▶ [Data to examine]
————

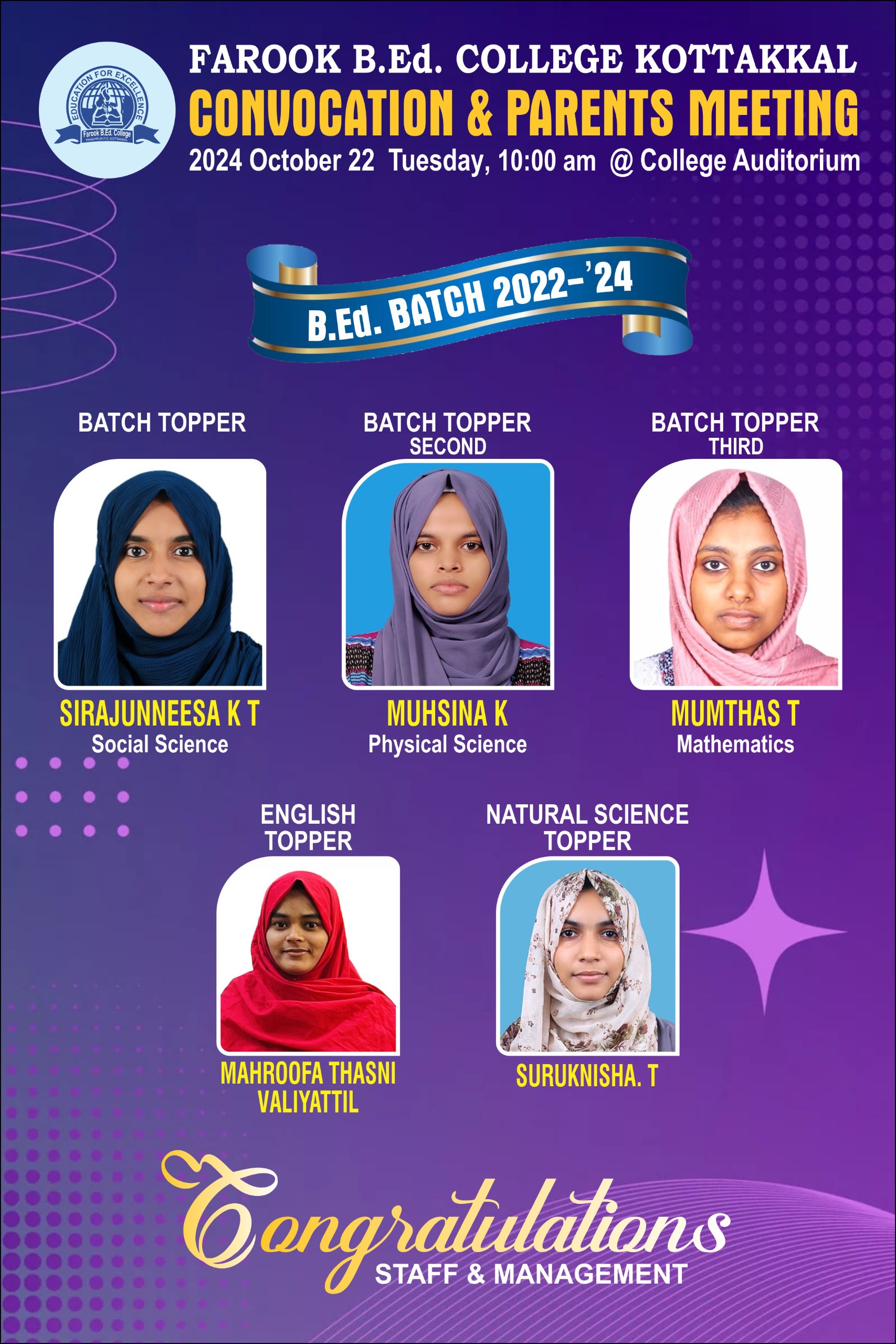At Farook B.Ed College, we are more than just an institution; we are a legacy of excellence, spirituality, and social service.
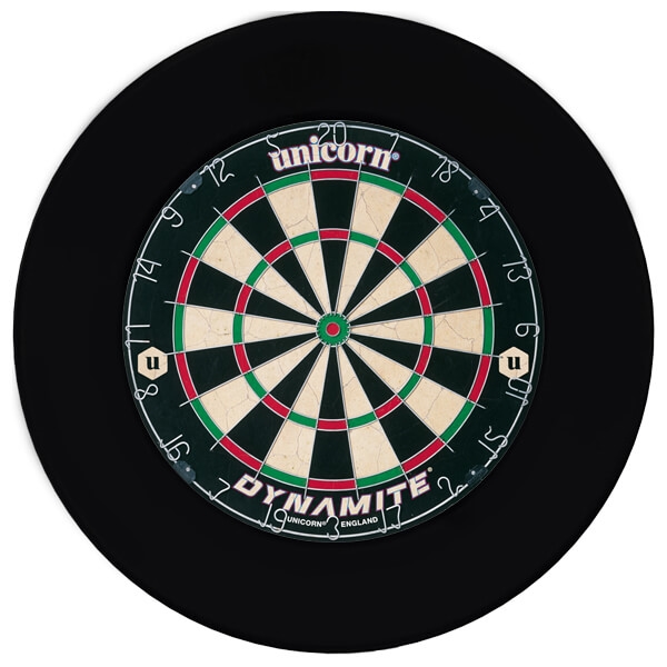 Et solidt startpakke med Dynamite dartskive og klassisk sort beskyttelsesring.
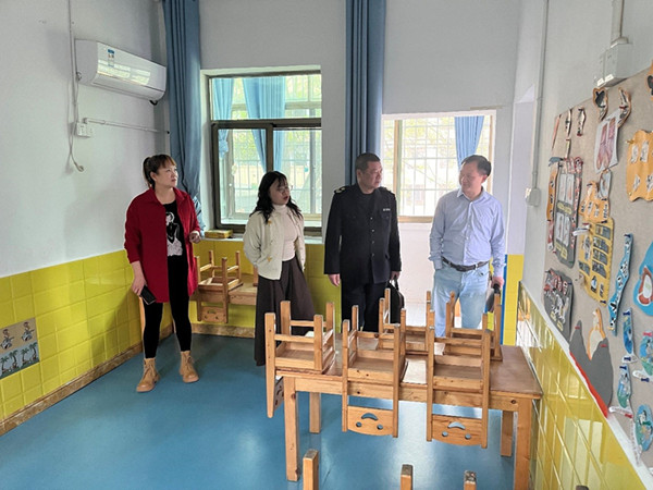檢查組在白石鎮中心幼兒園實地查看室內外環境
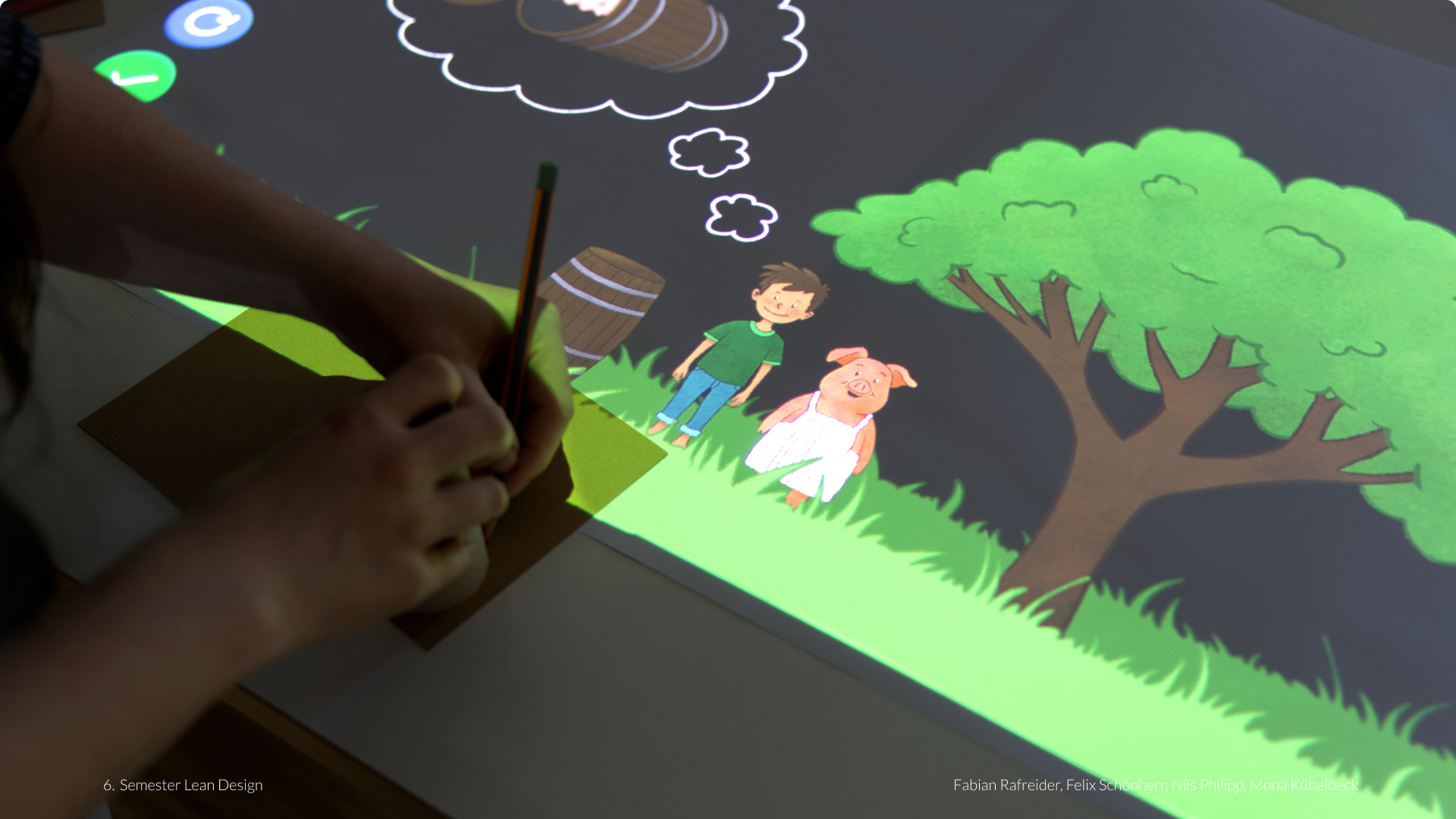 Lumi verbindet analoge kreative Tätigkeiten mit digitalen Erweiterungen und schafft eine neue Form des interaktiven Storytellings für Kinder. Das System nutzt Beamer-Projektion, um gezeichnete und gebastelte Objekte digital zum Leben zu erwecken und sie nahtlos in eine fortlaufende Geschichte zu integrieren.
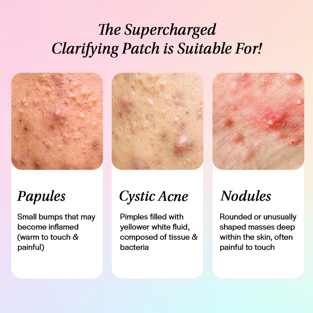 Follow our simple three-step application process for best results: 1. Cleanse & dry the target area.2. Apply the Supercharged to the targeted area. Press lightly for 15 seconds.3. Wear whenever day or night for the best results. Leave for 6-8 hrs. Repeat daily for maximum effectiveness. Get clearer skin in no time!
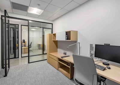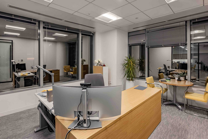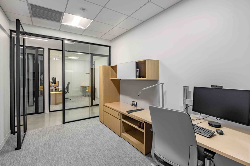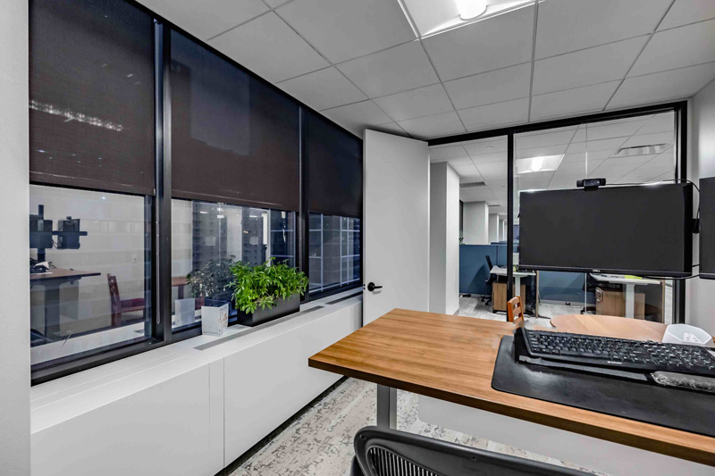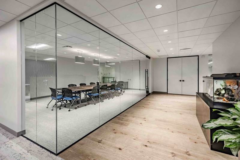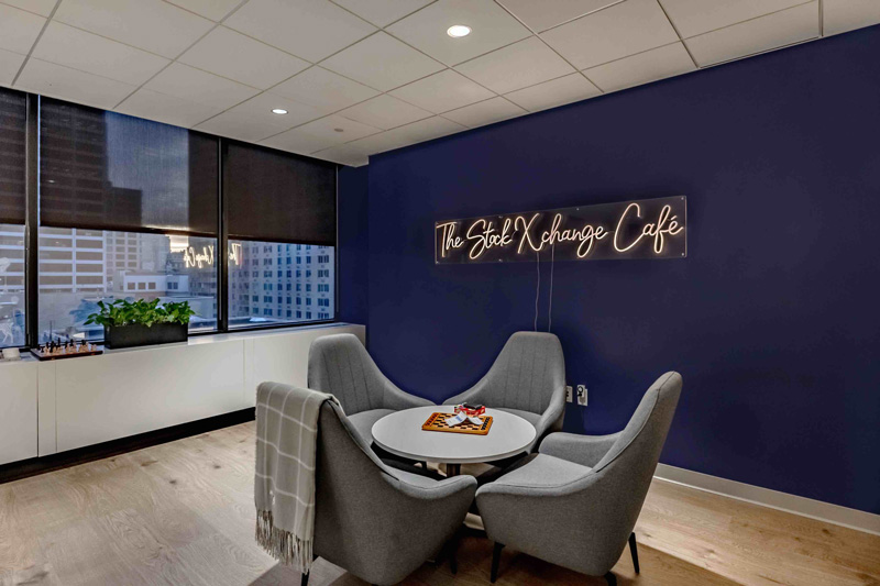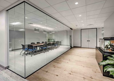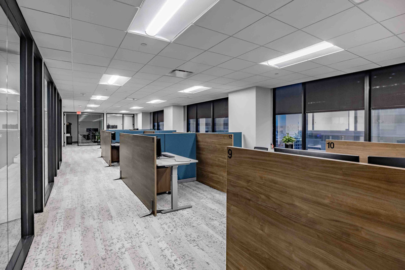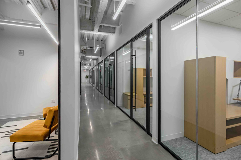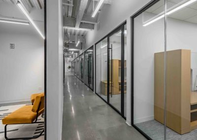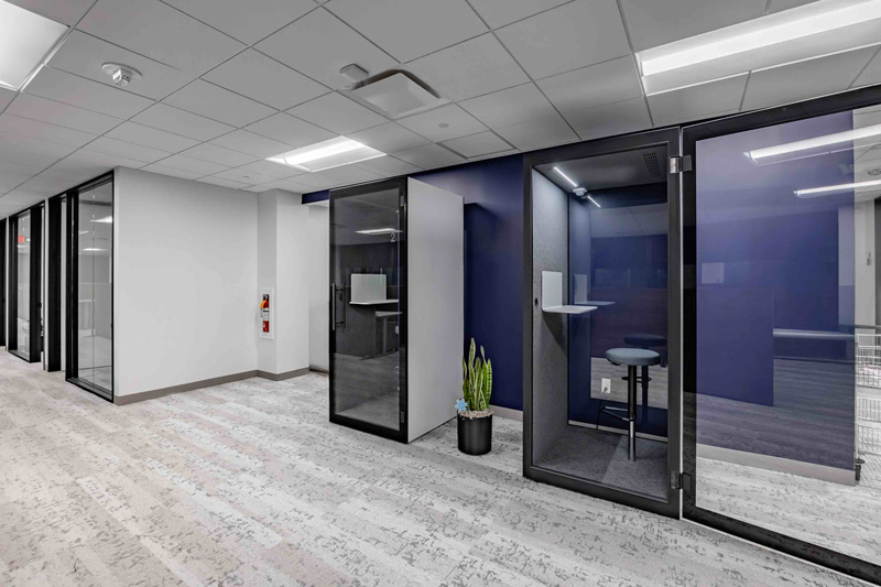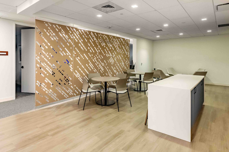 This complete renovation included creating private offices with glass fronts and doors, an upgraded open seating area, new restrooms, acoustic panels for sound dampening, and newly installed skylights. The architect for this project was Baglivo Associates.
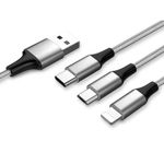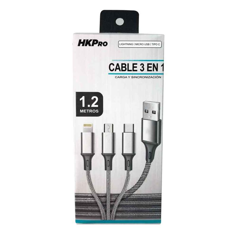 Cable 3 en 1 HKPro Lightning, Micro y Tipo C Plata
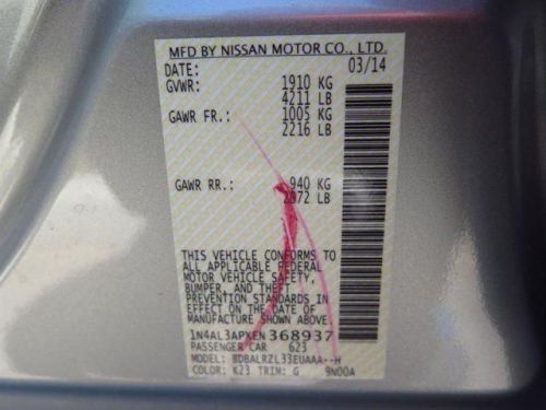 VIN (Vehicle Identification Number): 1N4AL3APXEN368937

————

▶ [Aim of the task]
What you return should be the entries from above, unchanged and without their images.

▶ [Result below]
At Farook B.Ed College, we are more than just an institution; we are a legacy of excellence, spirituality, and social service.
 Et solidt startpakke med Dynamite dartskive og klassisk sort beskyttelsesring.
檢查組在白石鎮中心幼兒園實地查看室內外環境
 Lumi verbindet analoge kreative Tätigkeiten mit digitalen Erweiterungen und schafft eine neue Form des interaktiven Storytellings für Kinder. Das System nutzt Beamer-Projektion, um gezeichnete und gebastelte Objekte digital zum Leben zu erwecken und sie nahtlos in eine fortlaufende Geschichte zu integrieren.
 Follow our simple three-step application process for best results: 1. Cleanse & dry the target area.2. Apply the Supercharged to the targeted area. Press lightly for 15 seconds.3. Wear whenever day or night for the best results. Leave for 6-8 hrs. Repeat daily for maximum effectiveness. Get clearer skin in no time!
 This complete renovation included creating private offices with glass fronts and doors, an upgraded open seating area, new restrooms, acoustic panels for sound dampening, and newly installed skylights. The architect for this project was Baglivo Associates.
 Cable 3 en 1 HKPro Lightning, Micro y Tipo C Plata
 VIN (Vehicle Identification Number): 1N4AL3APXEN368937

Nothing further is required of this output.